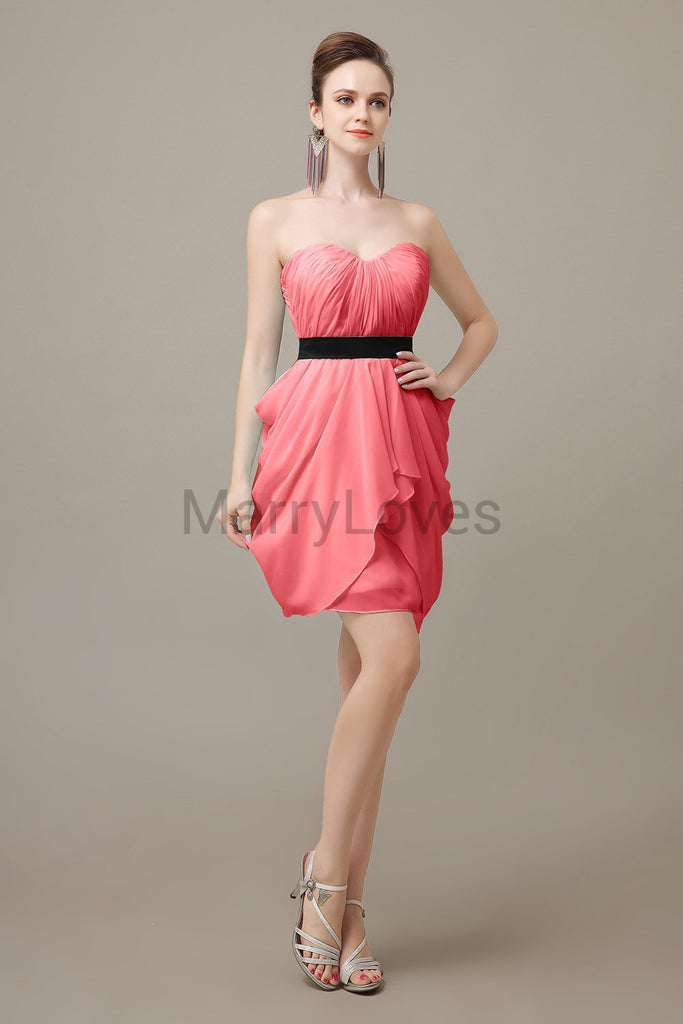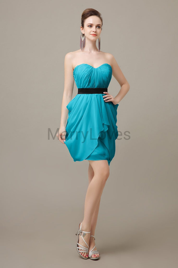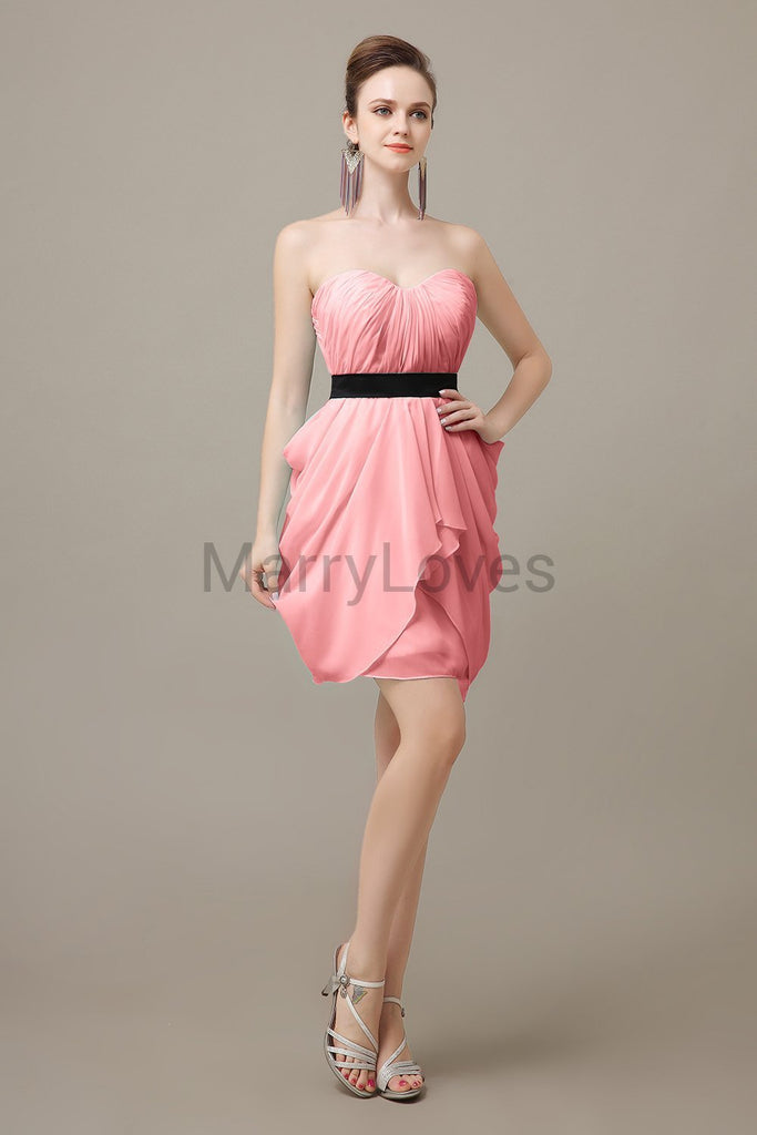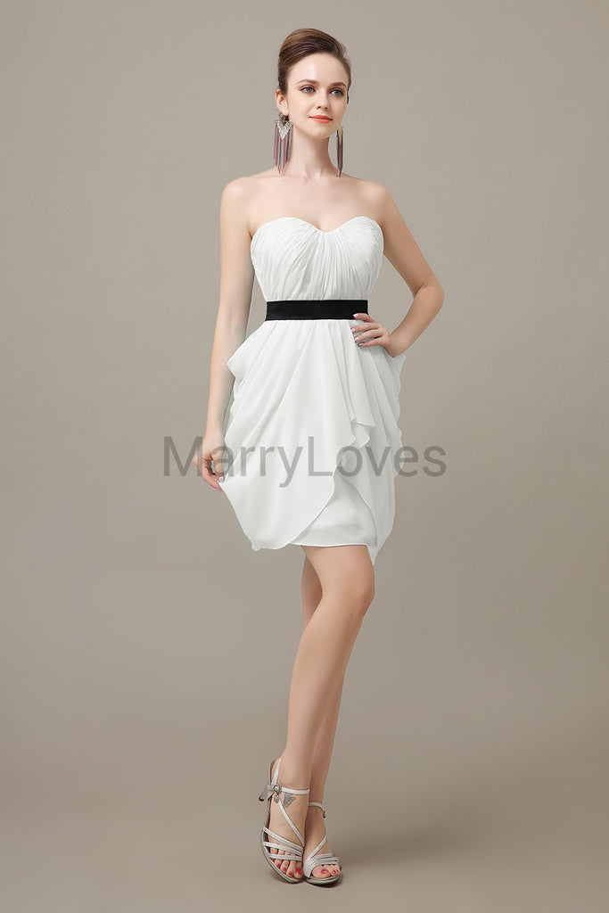 Sweetheart Neck Short Dress with Black Belt. Sweetheart Neck Short Dress with Black Belt.
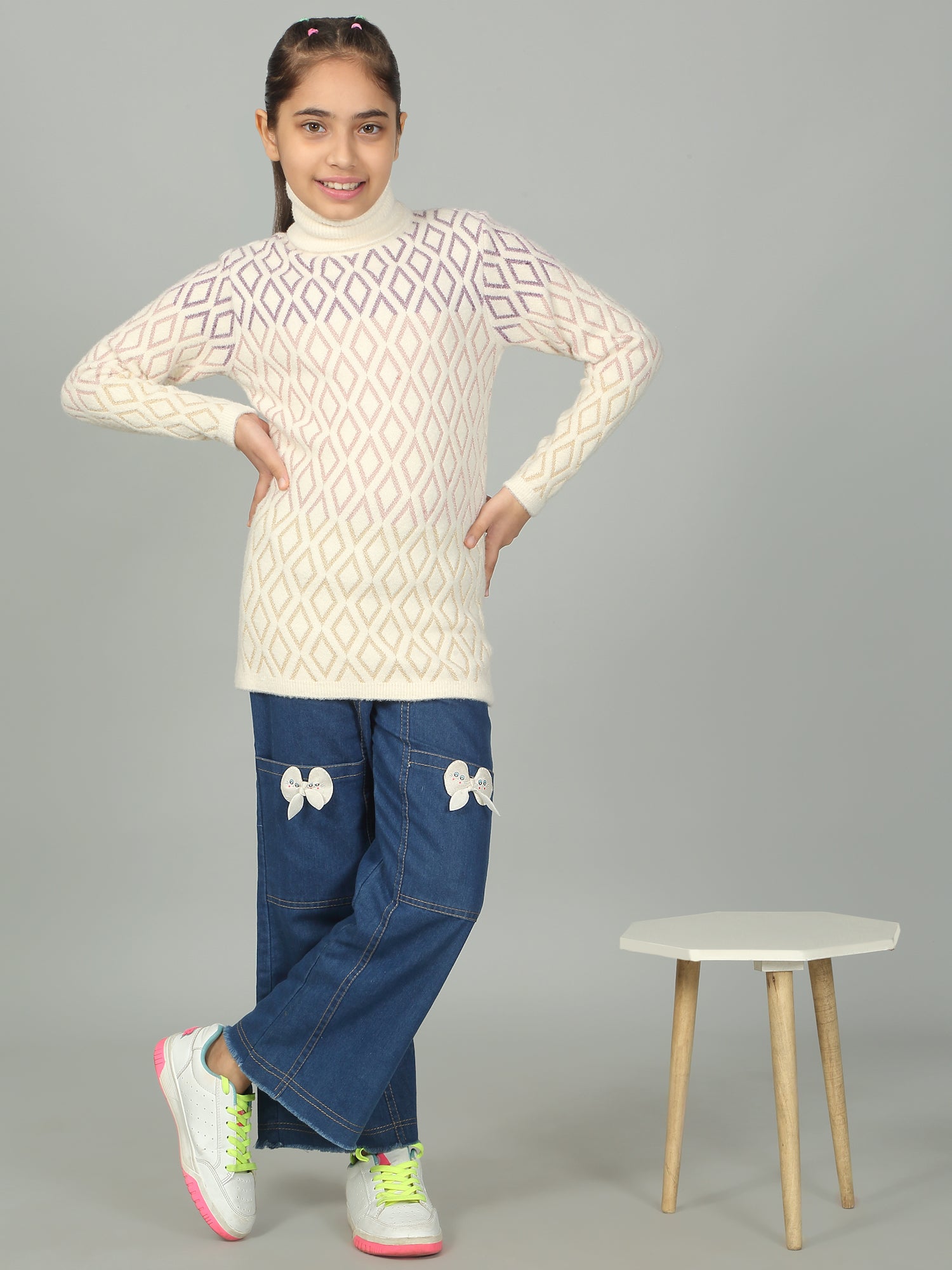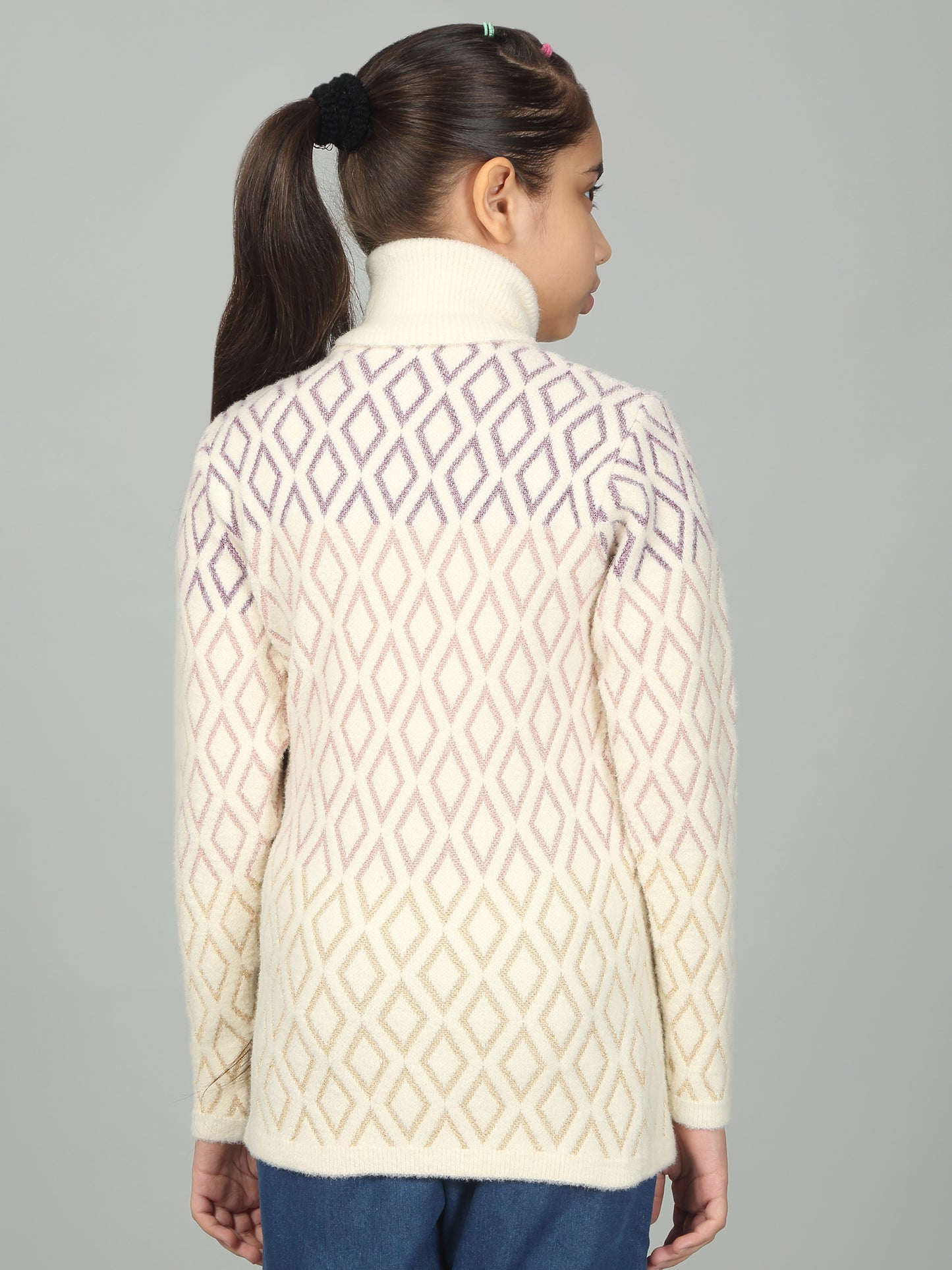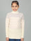 Girls Casual Self Design Cream Full Sleeves Sweater
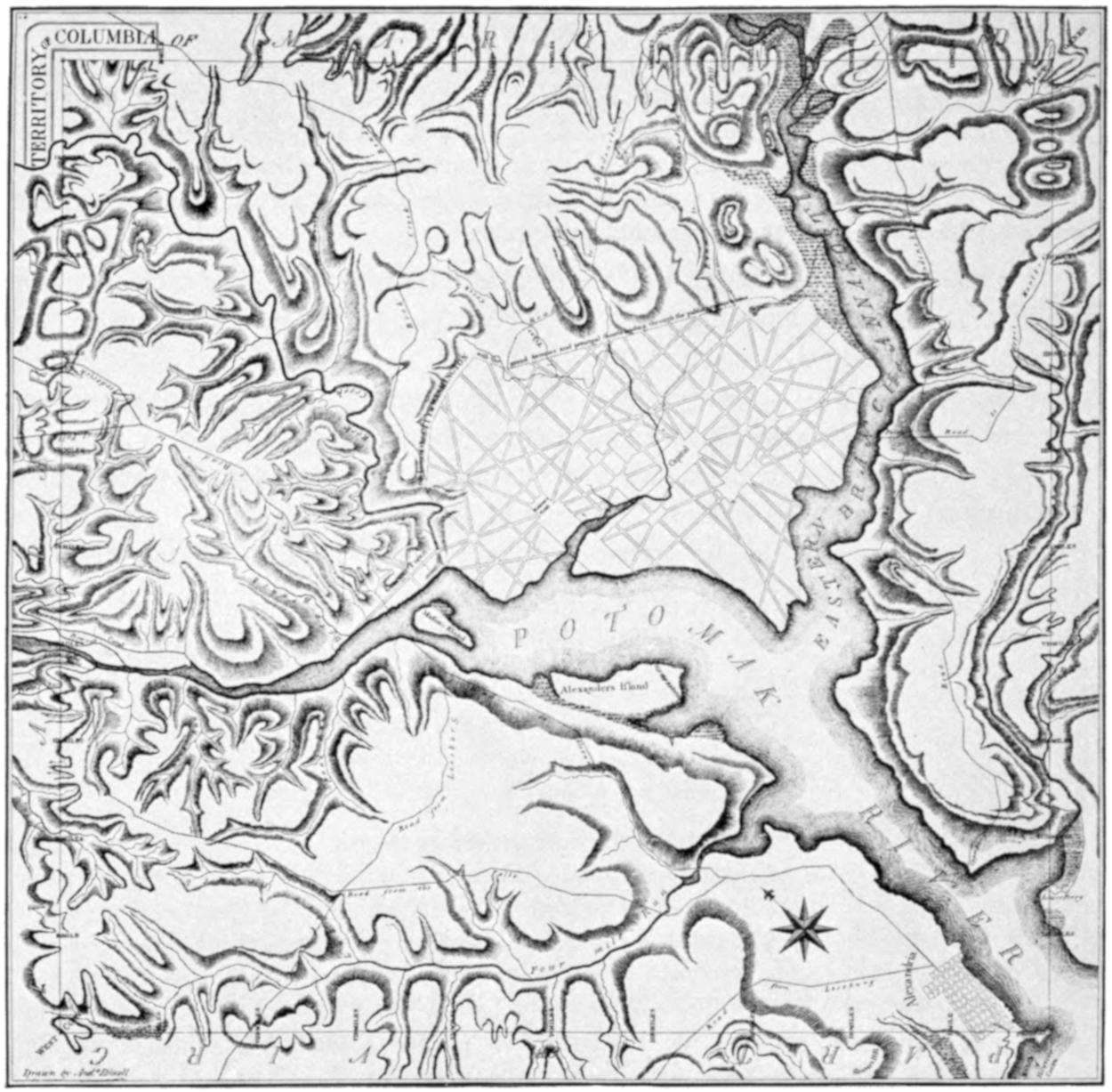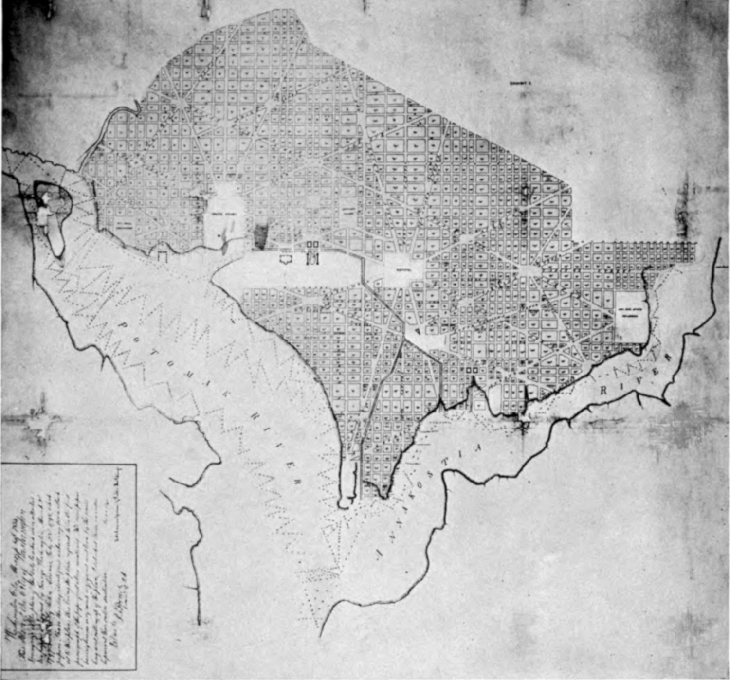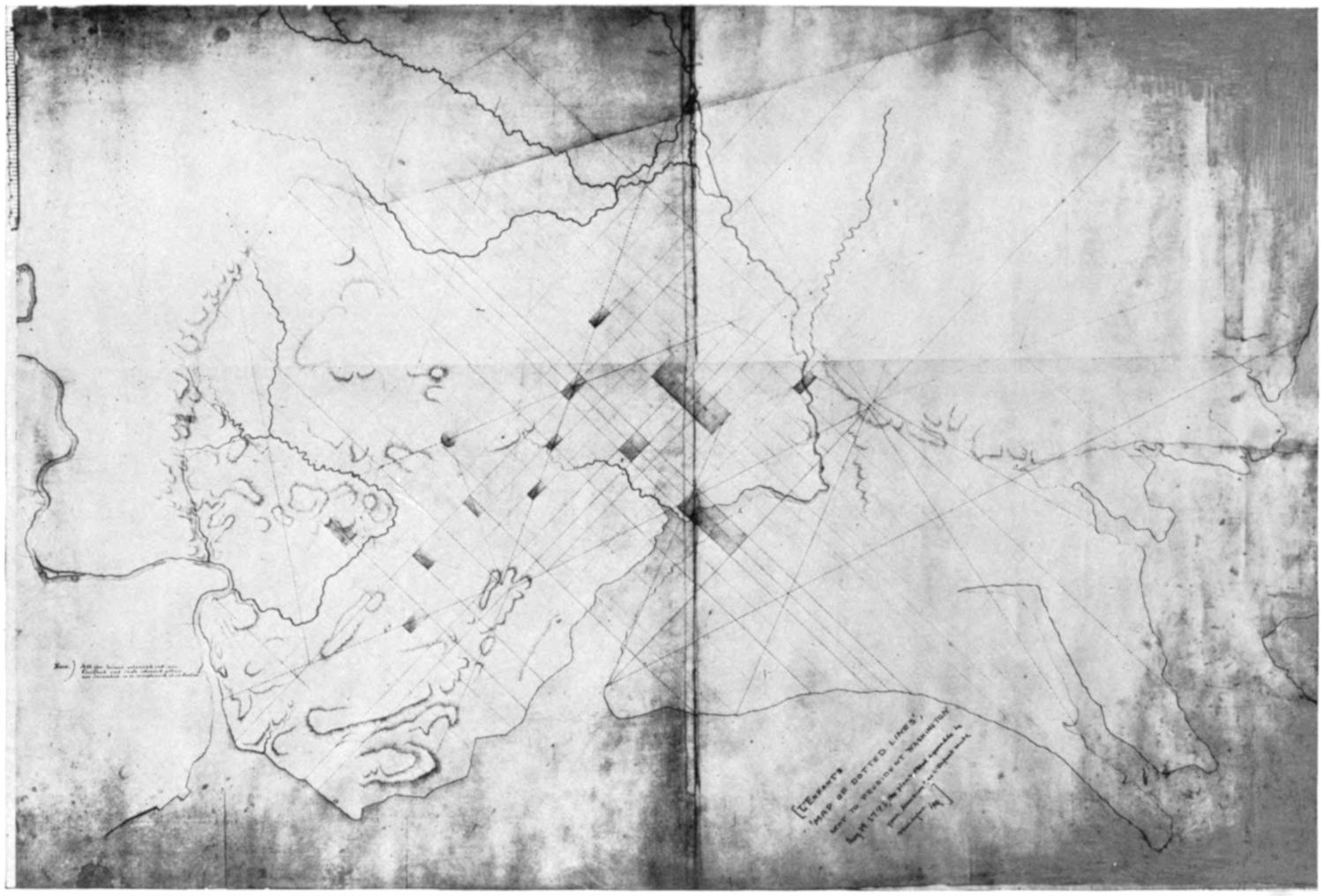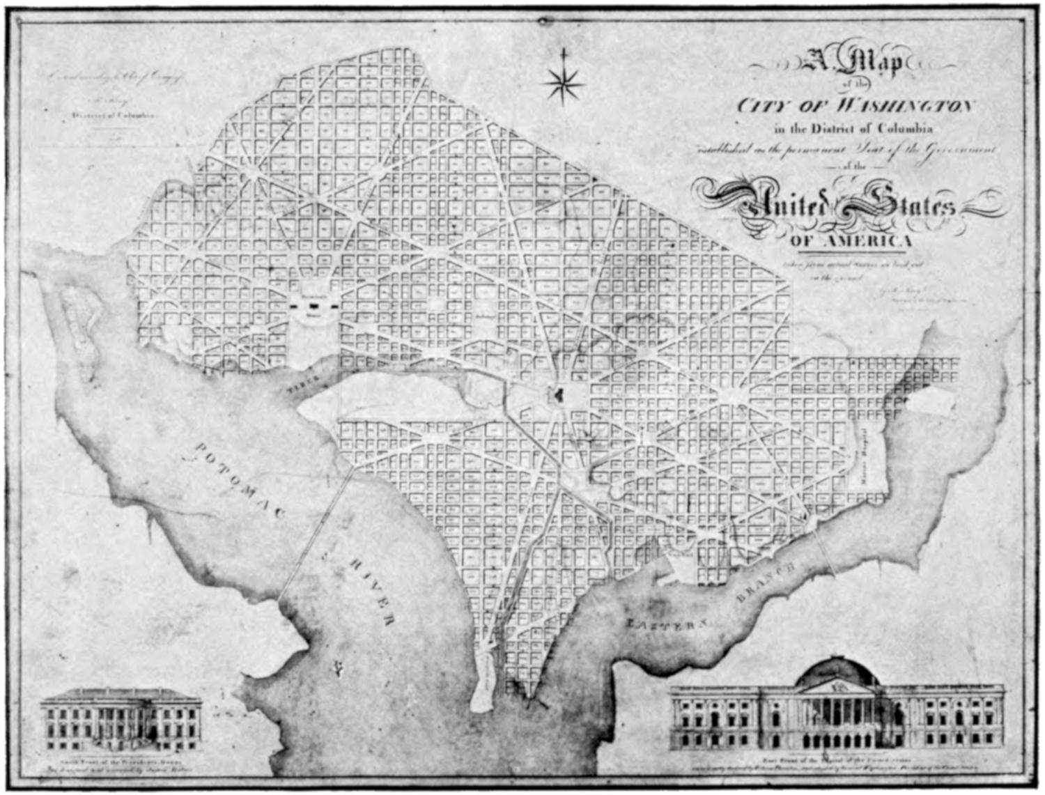 In order to execute this plan, Mr. Ellicott drew a true Meridional line by celestial observation, which passes through the Area intended for the Capitol; this line he crossed by another due East and West which passes through the same Area. These lines were accurately measured, and made the basis on which the whole plan was executed. He ran all the lines by a Transit Instrument, and determined the Acute Angles by actual measurement, and left nothing to the uncertainty of the Compass.

—————

In your copy of the listing above, every line must match exactly and no picture may appear.

* OUTPUT:
 Sweetheart Neck Short Dress with Black Belt. Sweetheart Neck Short Dress with Black Belt.
 Girls Casual Self Design Cream Full Sleeves Sweater
 In order to execute this plan, Mr. Ellicott drew a true Meridional line by celestial observation, which passes through the Area intended for the Capitol; this line he crossed by another due East and West which passes through the same Area. These lines were accurately measured, and made the basis on which the whole plan was executed. He ran all the lines by a Transit Instrument, and determined the Acute Angles by actual measurement, and left nothing to the uncertainty of the Compass.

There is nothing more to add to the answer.